- Tintwistle RD within Cheshire in 1970
- • 1911: 13,619 acres (55.11 km^{2})
- • 1961: 11,855 acres (47.98 km^{2})
- • 1901: 2,105
- • 1971: 1,477
- • Created: 1894
- • Abolished: 1974
- • Succeeded by: High Peak
- Status: Rural district

= Tintwistle Rural District =

Former local government area in the UK

Tintwistle Rural District was a local government district in north east Cheshire, England from 1894 to 1974.

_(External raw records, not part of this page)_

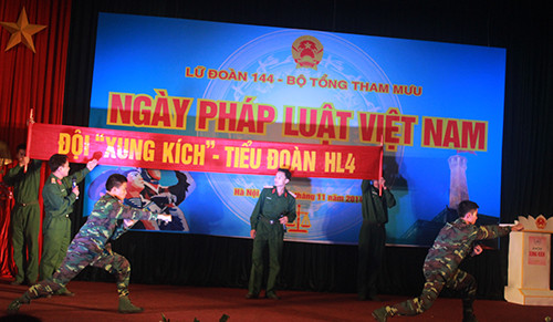 Tham dự chương trình có lãnh đạo, đại biểu Bộ Tổng tham mưu, Vụ Pháp chế - Bộ Quốc phòng, Vụ Giáo dục, phổ biến pháp luật – Bộ Tư pháp cùng hàng trăm đoàn viên thanh niên trong và ngoài quân đội.
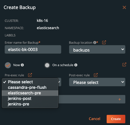 Pre- and post- rules for creating application-consistent Elasticsearch backups
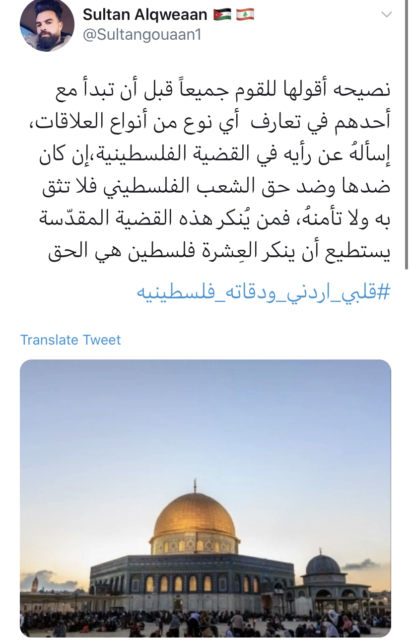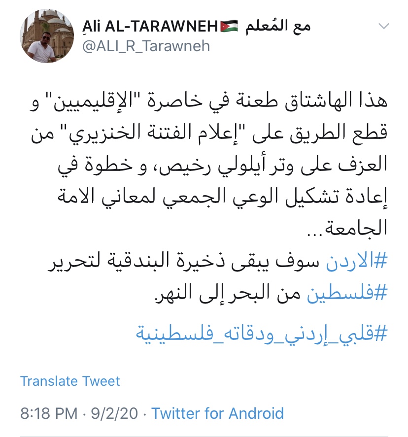 وأكد عدد كبير أن القضية الفلسطينية هي قضية جميع الأردنيين لحين تحريرها، وانها قضية كُل شخص شريف في العالم بعيداً عن التطبيع.
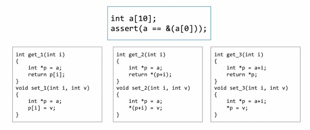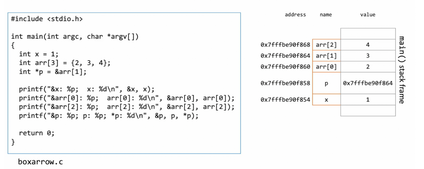 &:&agives you the address of the array itself. The value is the same asa(the starting address), but the type is different. It’s a “pointer to an array of 10 ints” (int (*)[10]), not a “pointer to an int” (int *). - When it’s a string literal used to initialize a
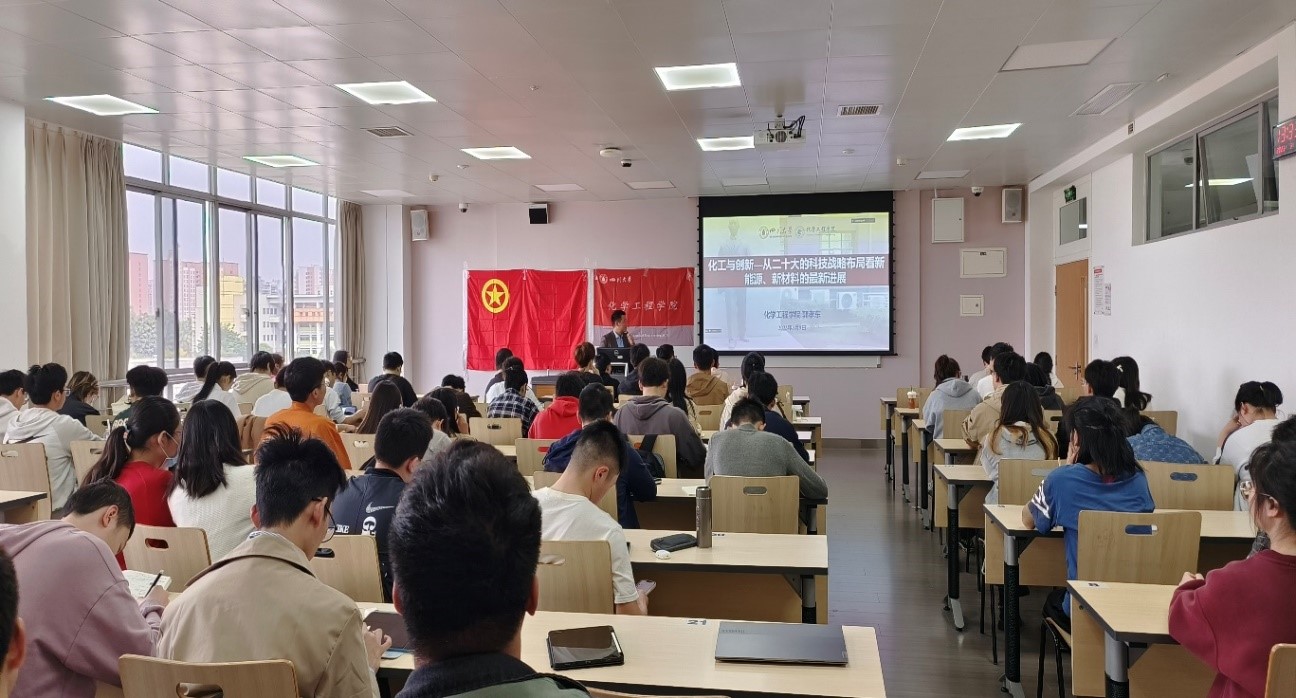 为增进best365中国官方网站2022级本科新生有关学院发展和学科前景的认识、增强学生的创新意识,2023年3月11日下午,四川大学best365中国官方网站郭孝东院长开展了题为《化工与创新--从二十大的科技战略布局看新能源、新材料的最新进展》的学术讲座。讲座会场选址在四川大学江安校区第一基础教学楼A406、A408、A410教室。best365中国官方网站党委副书记姜利寒、分团委书记李珍珍、辅导员李忆雯、袁玲、付率以及2022级本科生总计约300人参加了此次学术讲座。
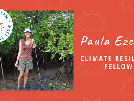 A woman is standing in a mangrove forest, holding a walking stick in her right hand and a camera in her left hand. She is wearing a hat, a brown tank top, and shorts. The background features dense mangrove trees and a muddy riverbank. The image has a warm, orange border with text that reads 'Meet Paula Ezequiel, Climate Resilience Fellow' and 'Team Dream'. | Meet the Alliance Team: Paula Ezcurra | 8c1a860725554d0b49fd9dd93c8651b6bad59c81c96d017c72d0d12c74e15b24 | 000720938763 | 0 | 0 | 64 | 6 | 0 | 0 | |

It was created a rural district by the Local Government Act 1894 from the part of the Ashton-under-Lyne rural sanitary district which was in Cheshire. It consisted of the civil parishes of:

- Tintwistle
- Hattersley (until 1936)
- Matley (until 1936)

Hattersley and Matley formed an exclave of the district. They were abolished in 1936 and their area transferred to the Municipal Borough of Hyde, the Municipal Borough of Dukinfield, Longdendale Urban District and the Municipal Borough of Stalybridge.

In 1974 the district was abolished. At that time, much of north east Cheshire became part of Greater Manchester. Instead of becoming part of that county, or forming an exclave of Cheshire, Tintwistle became part of the High Peak district of Derbyshire.